В тех районах, которые имели минимум шансов на скорое подключение к сети, напряженно думали над другими способами водоснабжения. И вот в 1886-1887 годах было установлено, что город располагает богатыми естественными подземными резервуарами воды. Среди жителей уже раздавались радикальные призывы: разорить акционеров Общества водоснабжения, создав муниципальный водопровод. Обществу, правда, была предоставлена монополия на обеспечение города водой, однако в договоре речь шла исключительно о днепровской воде, а артезианская — совсем другое дело!
В итоге, однако, контрагенты пошли на компромисс: город получил право добиваться у Общества неуклонного развития как днепровского, так и артезианского водоснабжения. Началось активное бурение скважин.

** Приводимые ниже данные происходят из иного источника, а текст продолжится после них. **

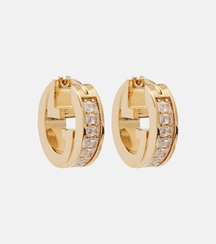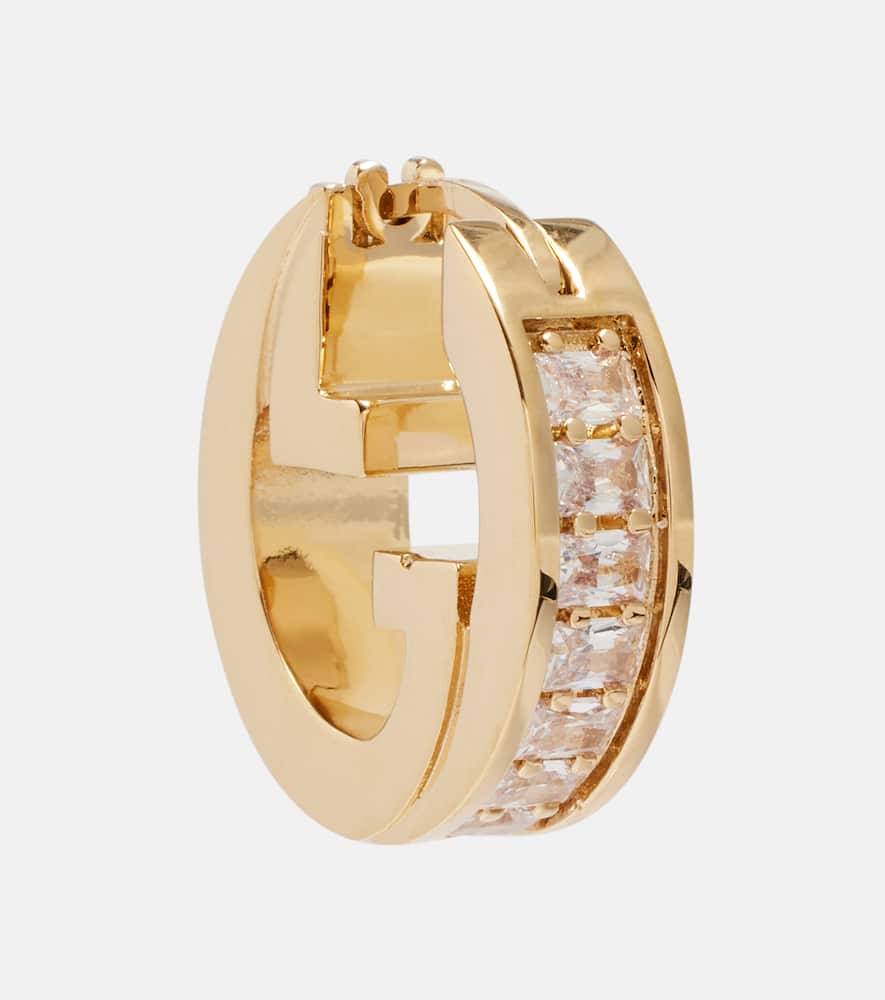These Gucci Blondie Mini embellished earrings by Gucci are a beautiful and artistic expression of modern elegance. The earrings feature a delicate and fluid design, expertly crafted from brass. They are adorned with a beautiful array of zircon stones, adding a luxurious sparkle. The piece feels both organic and luxurious, a true statement of refined style. These earrings are a versatile accessory that can be worn for both everyday moments and special occasions, symbolizing a confident approach to style.

Уже к 1898 году городской водопровод стал смешанным: часть воды поступала из реки, часть — из скважин. А во время холеры, поскольку контролировать все городские водостоки было невозможно, возникла реальная опасность отравления днепровской воды страшными вибрионами. И тогда власти велели закрыть все береговые водозаборные устройства. На многие годы город полностью перешел на артезианское водоснабжение. Поначалу это привело к водяному кризису. Летом 1908 года буквально нечем было поливать улицы. Но уже к осени того же года новые скважины облегчили положение. И только в советское время началось строительство новых предприятий по использованию киевлянами речной воды — сначала днепровской, а с 1961 года — деснянской.
КстатиОчумелый газетчик
У охочих до страшилок современных масс-медиа были предтечи. Одна из эпидемий черной смерти разразилась в январе-феврале 1879 года в Астраханской губернии Российской империи. Другие регионы страны поспешили принять меры безопасности, чтобы не допустить у себя распространения чумы. В Киеве тоже были сделаны распоряжения об усилении санитарного надзора, о профилактическом контроле людей и товаров, прибывающих с Нижнего Поволжья. Некий корреспондент Х. послал тогда в московскую газету «Русские ведомости» материал о ситуации в городе. Но его информация оказалась попросту враньем. Москвичи с удивлением прочли, что собрание врачей в здании Киевского университета будто бы постановило объявить карантин для всех пришлых богомольцев, сжечь всю рыбу, которую привезли на Контрактовую ярмарку из Астраханской губернии, а заодно предать огню Оболонь — поселение за Подолом вблизи грузовых пристаней.
Успокаивая земляков, которые могли прочесть сообщение в московском издании, местная газета «Киевлянин» заметила не без юмора: «Мы тоже можем сообщить известие, хоть менее сенсационное, но более вероятное: редакция «Русских ведомостей» решила сжигать все корреспонденции из Киева, присылаемые г-ном Х.».